Predicting Diabetes Using a Machine learning Approach
Using the ML approach, we can now assess diabetes in the patient. Learn more about how the algorithms used are dramatically changing health care.
Diabetes is one of the deadliest diseases in the world. It is not only a disease, but also a creator of a variety of diseases such as heart attacks, blindness, and kidney diseases. The usual detection process is that patients visit the diagnostic center, consult their physician, and sit tight for a day or more to get their reports. Also, every time they want to get their diagnosis report, they have to waste their money.
With the rise of machine learning approaches, we have the potential to find a solution to this problem and have developed a system using data mining that has the potential to tell whether a patient has diabetes. Furthermore, the preoperative tingling of the disease leads to the treatment of patients. Data mining has the potential to extract large amounts of hidden knowledge from diabetes-related data. For that reason, it has an important role in diabetes
research, now more than ever. The goal of this research is to develop a system that can measure the patient's diabetic risk level with high accuracy. This research focuses on developing a system based on three classification methods: Decision Tree, Nav Bayes and Support Vector Machine Algorithms.
Currently, the models give 84.6667%, 76.6667% and 77.3333% accuracy to the Decision Tree, Nav Bayes, and SMO Support Vector machines, respectively. These results are validated using the receiver sensitively operating characteristic curves. The developed ensemble method uses the votes given by other algorithms to give the final result. This voting system eliminates algorithm-based false classifications. This helps to get a more accurate estimate of the disease. We used the Data Mining extension for data preprocessing and experimental analysis. The results of a significant improvement in the accuracy of the ensemble method are compared with other existing methods.
Methodology These algorithms do not work alone; we have developed an ensemble method that uses the votes given by other algorithms to give the final result. The system accepts the result, only when more than two models give the same predicted results. It gives the decision of the majority. This voting system eliminates algorithm-based misclassifications. This helps to get a more accurate estimate of the disease.

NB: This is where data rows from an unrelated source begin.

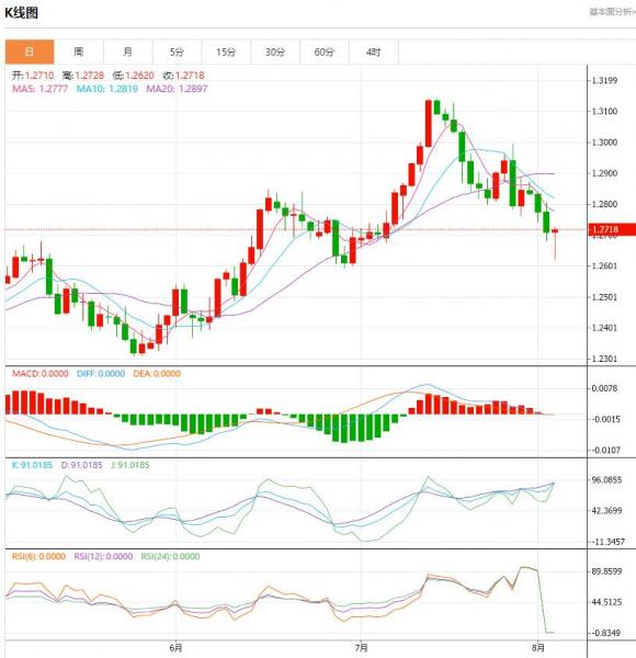汇价高见1.2728,低见1.2620。上一交易日。基本面上看,英镑昨日震荡下行,一度失守1.2700关口并刷新19个交易日低位,现汇价交投于1.2720附近。美元指数在美联储年内加息预期重燃和强劲经济数据的支撑下持续攀升是施压英镑下挫的主要原因。不过,在英国央行本周利率决议公布前,投资者保持警惕,限制了汇价的下跌空间。技术面上看,如果英国央行不加息50个基点,英镑将很脆弱,而英国央行若仅加息25个基点,由于稳健的美国经济数据,可能很容易将英镑兑美元拉回1.25以下。
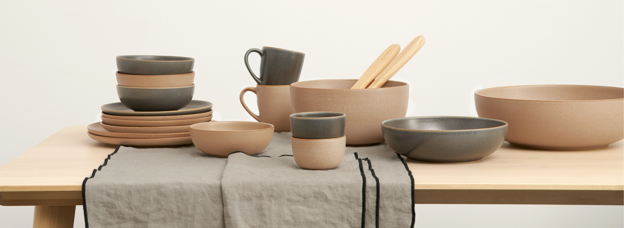 Le calde tonalità della terra si uniscono a sofisticate sfumature di grigio, creando abbinamenti unici che trasmettono calore e naturalezza.
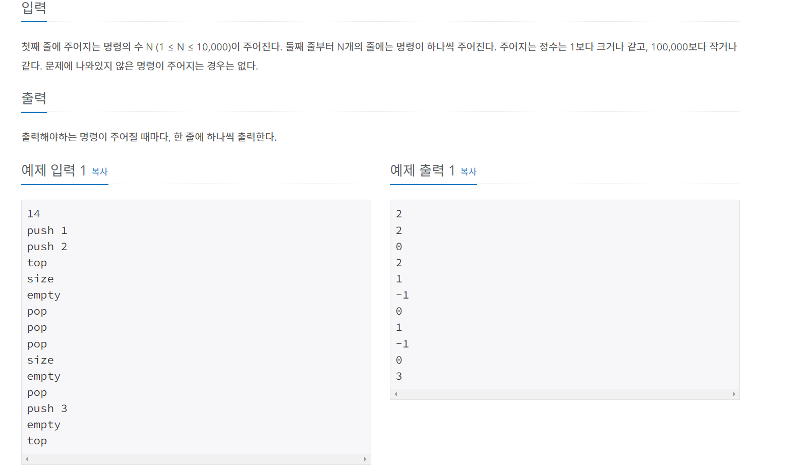 스택을 구현 하는 문제이다 .
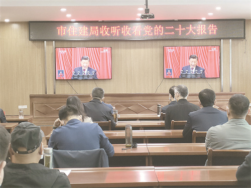 市住建局黨員干部在收聽收看黨的二十大開幕會。本報記者 張 璐 攝

The decision tree is the J48 algorithm Decision-tree is a tree structure that has the appearance of a flowchart. It can be used as a method for classification and estimation with representation using nodes and internodes. The root and internal nodes are test cases. Leaf nodes are treated as class variables. To classify a new topic, it creates a decision tree based on the characteristic values of the available training data set. Each node of the tree is generated by calculating the highest information gain for all attributes. If any attribute returns an undoubted result, the branch of that attribute is disabled and the target value is then assigned to it. The following diagram shows the sample decision tree.
A 12-fold cross-validation technique was used to build the model. It is as follows: Divide the data into 12 sets of n / 12 sizes. Train in 11 datasets and test on 1. Repeat 12 times and take the average accuracy. In the 12-fold cross-validation, the original sample was randomly divided into 12 equal-sized sub-samples. Then a single sub-sample is put into validation data to test the model and the remaining (12− 1) sub-models are used as training data.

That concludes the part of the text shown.